Starting just before noon on Wednesday, disheveled artists flooded the galleries, painting designs on the walls, hanging sheets of tinsel from the ceiling, and filling the building with canvases and videos. The caliber of the work varied widely, and there was little to provoke too strong a reaction, but attendees hanging around the space to take in the pageantry agreed that a good vibe of community and creative fervor was palpable. It was a fittingly hopeful ending for a space that opened in the heart of the recession with the urgently titled panel discussion, "After the Deluge? Perspectives on Challenging Times in the Art World."

“We think around 200 artists brought works,” X director Cecilia Alemani said yesterday morning, surprisingly chipper after a long night during which she only managed 45 minutes of shuteye. (She had set up a sleeping bag in the cavernous space.) Surprisingly, the sometimes rambunctious art world, perhaps inspired by the generous curatorial gesture, treated the space kindly. “It could have gone completely out of control,” Alemani admitted. “But everyone was incredibly tidy. No one hung things on top of each other.”

As seems to be the case these days, some of the most interesting work in the show revolved around performances. For one piece, "Lost Artist" fliers were taped up around the building with instructions to call a phone number written on little tear slips. Late Tuesday night an intrepid visitor dialed the number, only to have it answered by Monica Gunderson, the artist, who was sitting on the floor a few feet away. She explained that she had just moved to the city from California was nervous not to know many people in New York. A pleasant talk ensued, a group gathered round, and she made a few new friends. On another floor, a bartender stood behind a table stocked with liquor and glasses, good-naturedly refusing to serve drinks to anyone. It was an exercise in denial, he said.

The flashiest performers, though, were the burlesque-esque collective Baby Skin Glove, who tap danced through the galleries in wedgie-happy sequined tights, surrounding audience members in a boisterous, annoying ring.

It was hippie-friendly night for the most part, with only one minor Altamont incident. Bands had been invited to perform throughout the night on the downstairs stage, where beer and wine was liberally dispensed. "One of the performers was so excited he smashed his head against the wall and started bleeding," Alemani said. "He was fine, but there was blood everywhere and a huge hole in the wall.” The crater will be patched up before X hands over the keys to its landlords. “During Performa, one person kicked a hole in the wall, so we’ve handled this before,” Alemani noted.

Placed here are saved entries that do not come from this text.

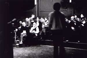Na de discussies konden beide groepen met elkaar de resultaten bespreken. Heldere conclusies waren er niet, wel een inventaris van gebruikte terminologie. De vorm van het Socratisch gesprek werd door sommigen wat schools gevonden, maar dwong de deelnemers wel om bekend gewaande begrippen te definieren. De deelnemers waren nog niet uitgepraat over acteren. Bij de borrel na afloop vlogen termen als 'fusiontheater', 'transformatie' en 'performativiteit' ons om de oren. |
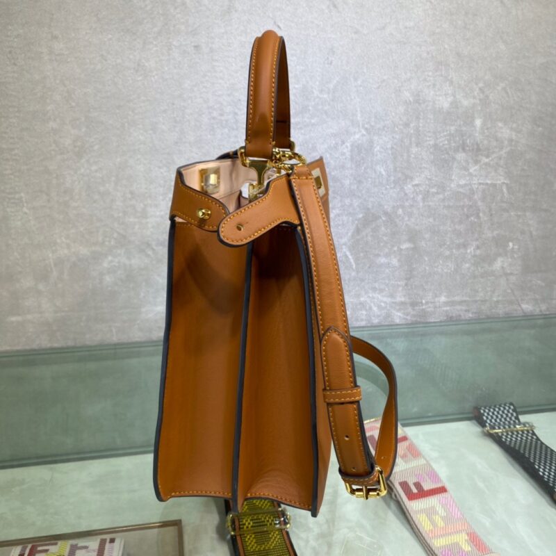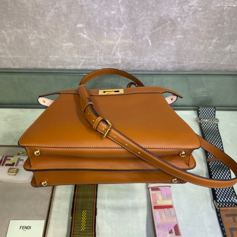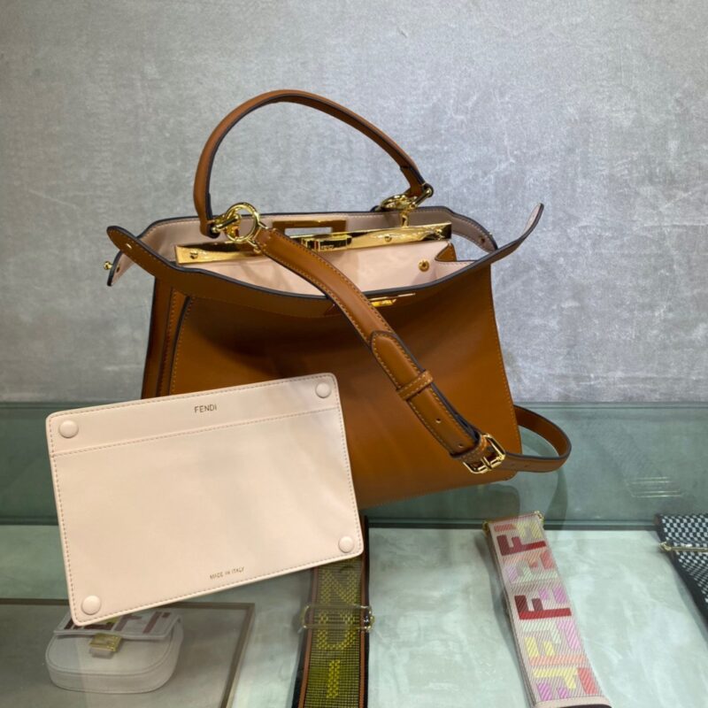 Iconic Peekaboo ISeeU medium bag in caramel leather with classic twist locks on the sides. Lined in soft pink nappa leather, the exterior features two compartments separated by a rigid divider with removable, customizable interior pockets and gold-tone hardware. Complete with handles and an adjustable and detachable shoulder strap, it can be carried by hand or over the shoulder. Size: 33x25x13cm
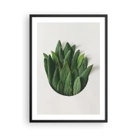 Poster in einem schwarzem Rahmen - Blätter in einer künstlerischen Komposition auf weißem Hintergrund - 50x70cm - Ungebremste Neugier - Moderne Wanddekoration für Wohnzimmer und Schlafzimmer ARTTOR
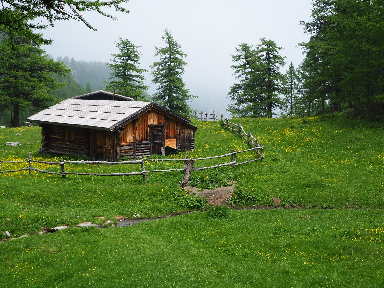 Ci si addentra nuovamente nel bosco fitto, sempre su buon sentiero. Si attraversa un torrente – canalone, protetto da una staccionata di legno, fino ai pressi della Bergeria Albergian (qui si può arrivare anche con percorso più diretto subito dopo il ponte in legno e seguendo la poco evidente palina segnaletica in legno che indica la Bergeria Albergian).
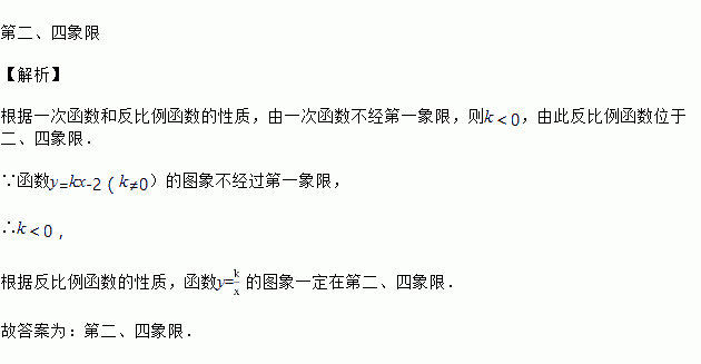 如果函数y=kx﹣2(k≠0)的图象不经过第一象限,那么函数的图象一定在_____.
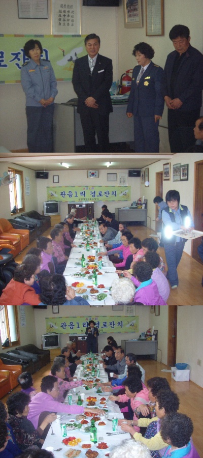 성산여성의용대는 20일을 맞이하여 관음1리와 자매결연식을 거행함과 동시에 관음1리 경로잔치와 봉사활동을 하는 행사를 가지었다.
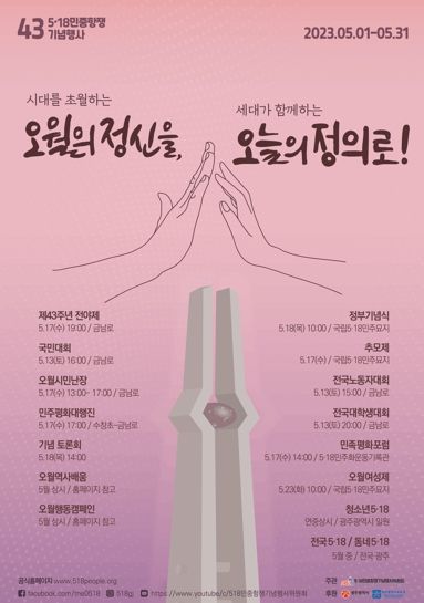 [제주교통복지신문 김강석 기자] 제43주년 5‧18민주화운동 기념행사가 시민, 대학생, 세계민주주의·인권운동가들이 대거 참여한 가운데 다채롭게 펼쳐진다.

Indeed, over the past year, the building has seen it all. There were memorable exhibitions, providing well-deserved retrospectives to legends like Hans Haacke and Derek Jarman alongside shows of emerging talents like Mika Tajima, Keren Cytter, Amir Mogharabi, and Christian Holstad. Peter Doig screened a film series on the building's roof over the summer. Scattered throughout the run were a number of other innovative, conversation-starting gems, like “No Soul for Sale” (a fair of alternative art spaces from around the world), the rooftop lounge designed by Jeffrey Inaba, and, during its final week, a riveting talk on Bas Jan Ader.The parties, of course, were memorable too, particularly Jennifer Rubells gorgeous, gluttonous Performa opening banquet, which delighted and appalled critics in equal measure. And who can forget the night Picasso biographer John Richardson used an acceptance speech to launch a bruising attack on art historian Rosalind Krauss?

So, what’s next for Alemani, who was the ever-present genius loci of X for much of its run? “I'll be working on the small scrapbook about X, then I'm going on vacation,” Alemani said. The building will become an event space. "All the walls that are temporary, we'll have to knock them down — we'll return the place as we were given it," she said. “Next week, there is a fashion show.” In the stairwells, Dia’s 1996 Dan Flavin commission — the last work completed by the artist before his death, now on long-term loan to the building — will continue to glow, awaiting the Dia Art Foundation's planned return to a building across the street. But for the foreseeable future, Chelsea’s art scene will be considerably quieter.